The intervention proposed the emptying of the original habitation from its internal partition designed during the 50 as a cluster of different adjacent spaces, closed rooms following a fragmented spatial logic.
The project aimed to reorganize the living areas as functional parallel stripes following a space continuity concept to organize them.
The architectural elements that redesign the space are basically four: the service volume, the masonry bookcase, the hollow septum, and the sliding panel.
The main theme is the hollow septum here used in a domestic environment. This inhabited septum follows the orthogonal arrangement of the house organizing the space in parallels functional stripes of different dimension (sleeping, living, facility, and kitchen).
This facility septum is also a plastic element that with its dimension and depth remind to the ancient wall’s dept. Its mass, containing bathroom and closets, is engraved by visible splayed marks that permit the pass by and serve as filters between living and sleeping areas. The splays create protected ambits between the living and sleeping area and the facility and focus the visual attention through the entire house.

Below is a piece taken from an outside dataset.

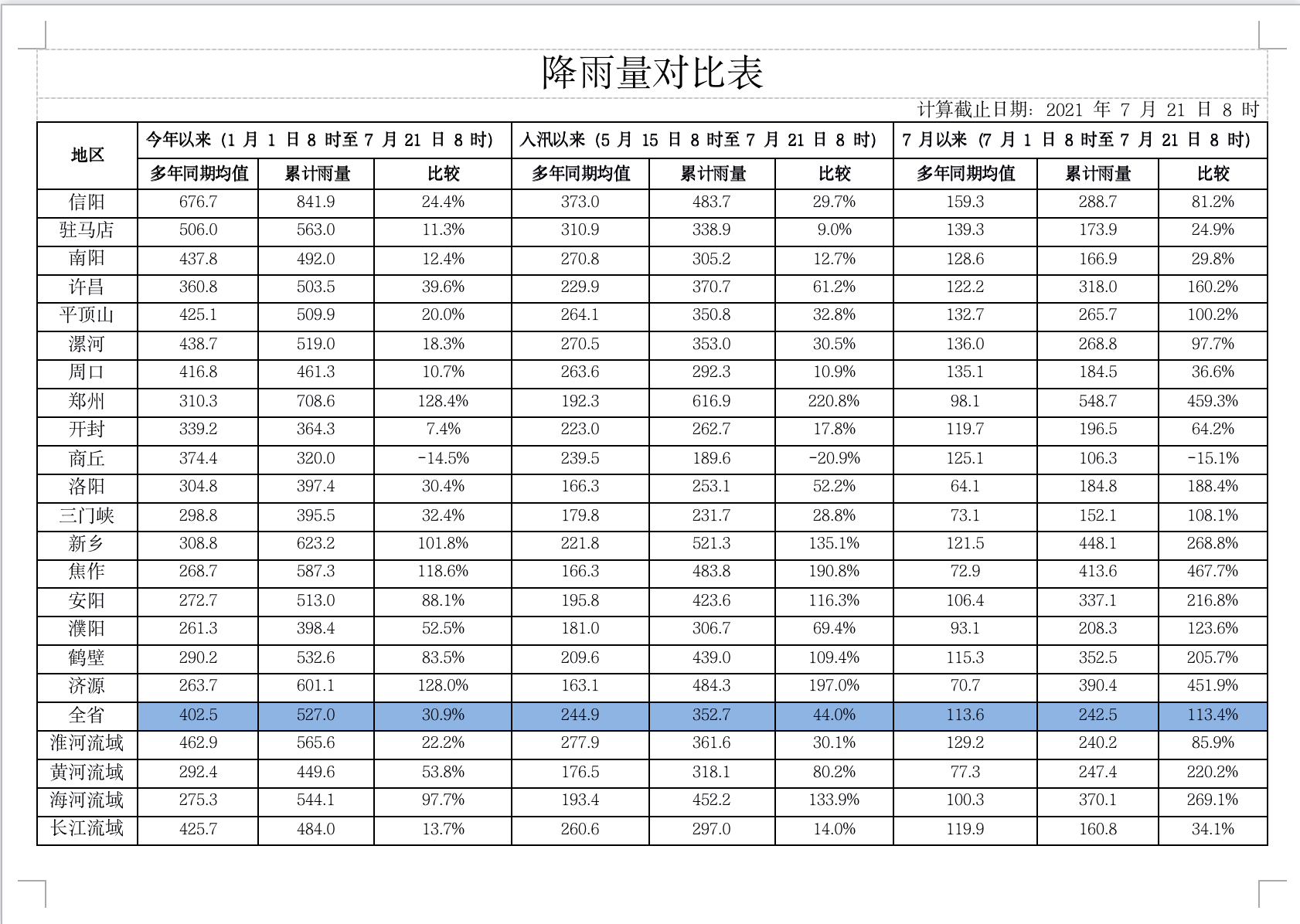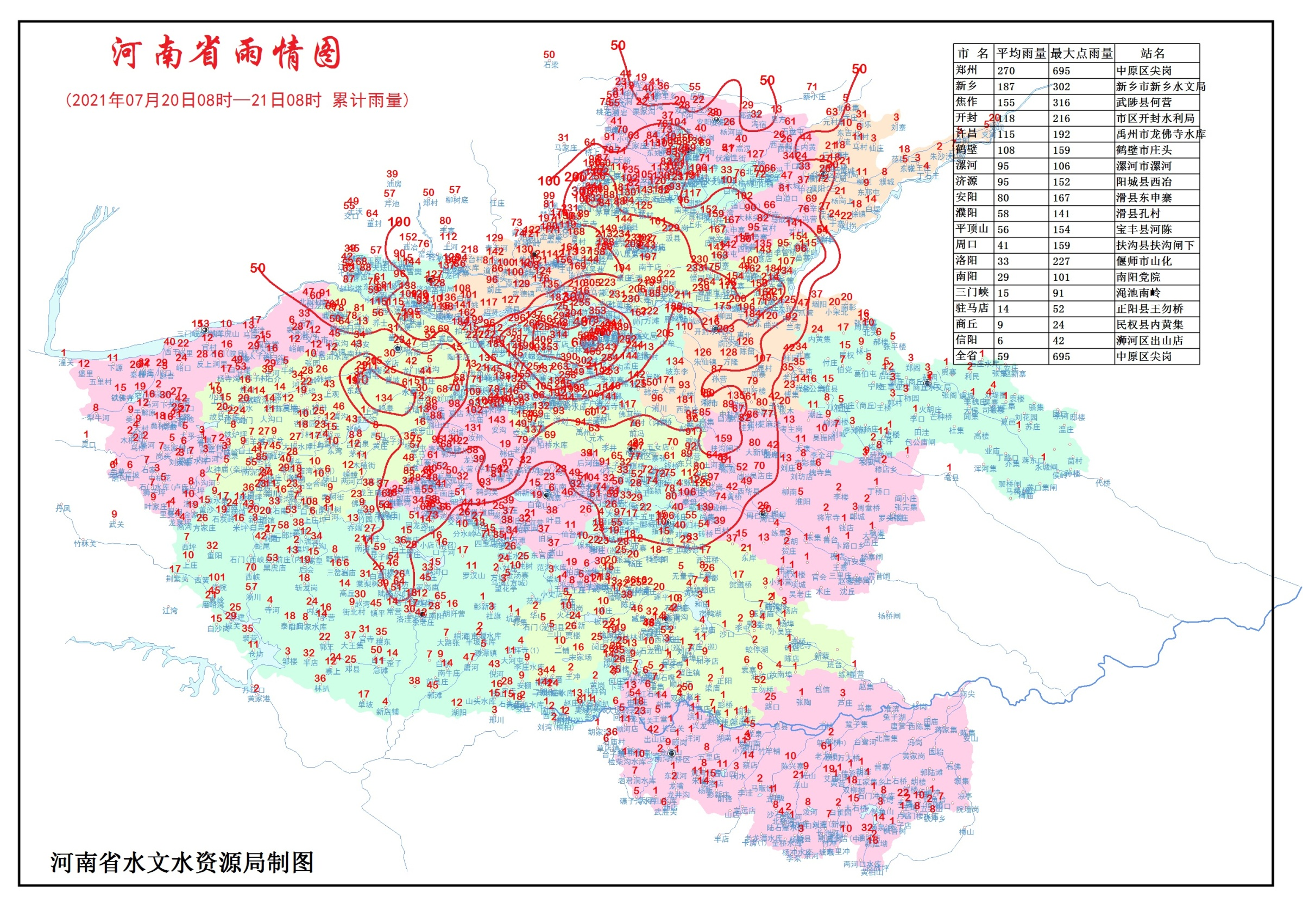 据通报,常庄水库站降雨量633mm。降雨量超600mm站点2处,超500mm站点10处,超400mm站点27 处,超300mm站点61处,1小时超50mm站点194处,60分钟最大降雨量郑东新区水利设计院雨量站167.5mm。平均降雨量:全省59mm,郑州市270mm,新乡市187mm,焦作市155mm,开封、许昌、鹤壁市108~118mm、漯河、济源市95mm,安阳市80mm,濮阳、平顶山、周口市41~58mm,洛阳、南阳、三门峡15~33mm,其他市小于15mm。

The hollow septum without blocking the space ensures the flexibility of the sleeping area that could be organized as a unicum or divided into two rooms.
The “blades” of the book case enhance the perspective orthogonal to the septum and contribute to the entrance wall dematerialization.
The living room wide and bright is inhabited by a hollow shape that organize spatially and visually the space.
The big sliding panel when closed fits into the bookcase “blades”, when open include the space of the kitchen to living room.
The intervention totally renewed the house functionally and architectonically increasing the living area and the number of bathrooms thank to the suppression of useless partition and corridors.
The light variation is one of the most interesting effect achieved thank to the splayed passages and engraved marks.